A newspaper might be the last place you'd expect to find video news coverage. That was until the Web came along.

SignOnSanDiego.com, the online news site of The San Diego Union-Tribune, shoots and edits video of breaking news and special events putting its visitors in the middle of stories in unique ways.

San Diego's new downtown ballpark is good example. "They had to do a test where they flushed all the toilets at the same time for 15 minutes to test the plumbing," said Greg Magnus, principal content producer for the site. "The sound of all those toilets flushing, there's a hook for video coverage."

Magnus, who has spent the last three years at SignOnSanDiego, credited the site's video coverage with adding a new dimension to news stories that The San Diego Union-Tribune previously would have only covered in print.
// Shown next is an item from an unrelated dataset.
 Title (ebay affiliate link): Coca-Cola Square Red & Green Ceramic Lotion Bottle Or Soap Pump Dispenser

"With the recent fires, we took our video cameras out and shot the homes and the people who were affected," he said. "Basically, we shot everything we could about the fires, recording news with the video cameras and posting it on the site." Those clips are the site's most heavily viewed video news items to date, he said.

SignOnSanDiego uses three Sony DSR-250 camcorders and a DSR-PD150 to shoot field footage. Reporters can edit the raw material in the field on their Apple Macintosh laptops running Apple Final Cut Pro or Avid Xpress DV. At the office, final edits are done with Adobe Premiere. Finished clips are posted on the Web site as low- and high-bandwidth RealMedia files.
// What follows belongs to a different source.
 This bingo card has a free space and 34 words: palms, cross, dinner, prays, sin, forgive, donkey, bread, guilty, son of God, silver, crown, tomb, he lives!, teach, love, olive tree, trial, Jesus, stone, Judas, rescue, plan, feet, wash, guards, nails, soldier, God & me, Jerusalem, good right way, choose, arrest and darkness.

Although reporters at The San Diego Union-Tribune occasionally work with the staff of SignOnSanDiego on stories, Magnus would like to see closer ties in the future. "Personally my main goal is to do more collaborative stuff. The paper has a lot of contacts, and I would like to see us working more closely together. I would like to see more long-term projects, where the newspaper plans its coverage with video in mind as part of their product."

When the journalists at The San Diego Union-Tribune have worked with the site, such as war coverage from Iraq or the World Cup soccer championship from Japan, to augment print coverage with video, the results have been superb, Magnus said.